Don't hesitate if you want more!

igorcanadi commented 9 years ago

Yup, exactly what I expected, thanks. So what happens here is that we need to loop through all of the tombstones at the beginning of the capped collection. To clean up the beginning of the FIFO capped collection we need to do:

  1. seek to the first element
  2. delete couple of elements starting from the first element

Because RocksDB is built on LSM architecture deletes are actually just tombstones. Thus, the first operation needs to loop through a lot of tombstones to get this first element. The problem just grows as we delete more and more data and get more and more tombstones. Cassandra has the same problem: http://www.datastax.com/dev/blog/cassandra-anti-patterns-queues-and-queue-like-datasets

I actually have an idea how to optimize this. Let me try it out and get back to you.

igorcanadi commented 9 years ago

Hey @tanguylebarzic, can you try the new mongorocks? I just pushed a patch that will speed up insertions into capped collections a lot: https://github.com/mongodb-partners/mongo/commit/49cfd2091746ad9ebbdd64430ee5c54b40bfb94e

https://github.com/mongodb-partners/mongo/commits/v3.0-mongorocks

Let me know if it helped.

tanguylebarzic commented 9 years ago

Hi @igorcanadi, I'm actually having a hard time building mongo with rocksdb now. What I did:

src/mongo/db/modules/rocks/src/rocks_init.cpp:33:38: fatal error: mongo/db/service_context.h: No such file or directory
 #include "mongo/db/service_context.h"

Indeed, there is not such file in the v3.0-mongorocks branch. There is in the master branch of https://github.com/mongodb/mongo, but I can't build with it either (SCons Error: no such option: --rocksdb, which was kinda expected).

I'll try to sort it out today or tomorrow.

igorcanadi commented 9 years ago

No need to build or clone https://github.com/mongodb-partners/mongo-rocks.
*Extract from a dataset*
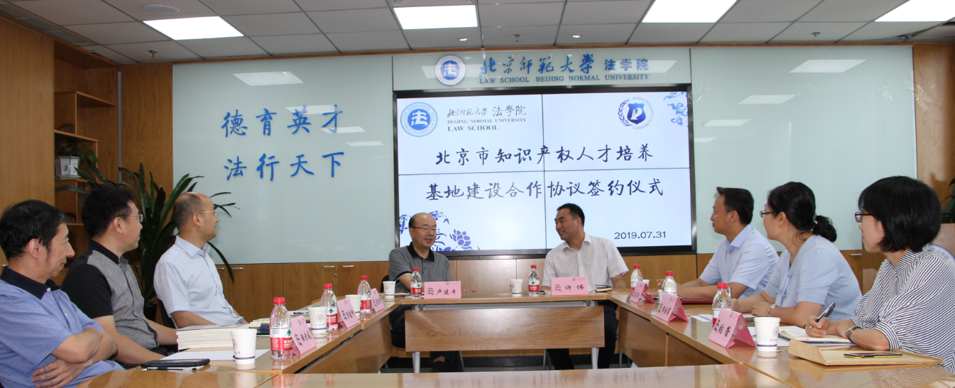 2019年7月31日上午,cn影院 与北京市知识产权局在cn影院 1922会议室成功举办了北京市知识产权人才培养基地建设合作协议签约仪式。北京市知识产权局许伟副局长、张志豹处长、郭晓萌同志和张蕾同志,cn影院 院长卢建平教授、党委书记梁迎修教授、副院长阴建峰教授、民商事法学教研中心主任韩赤风教授出席了签约仪式。

This is the model we're moving towards for our 3.2 release. v3.0 release is all contained under v3.0-mongorocks branch. More detailed instructions here: http://blog.parse.com/announcements/mongodb-rocksdb-parse/

tanguylebarzic commented 9 years ago

Hi @igorcanadi,

This was what I'd done the first time, but for some reason tried to install differently the second time. Anyway, it's sorted out now. As for the cpu usage with the latest code: It helps a lot! The cpu usage pattern is a bit different from the other - normal mongo - slaves (ie. a bit less cpu usage generally, with big spikes every 6 minutes or so), it's definitely a lot better now, and the slave stays up-to-date without issues. I can continue evaluating rocksdb as a storage engine :) Thanks a lot for your work and comments!

igorcanadi commented 9 years ago

Great! The spikes are probably compactions. :) Let us know about the results!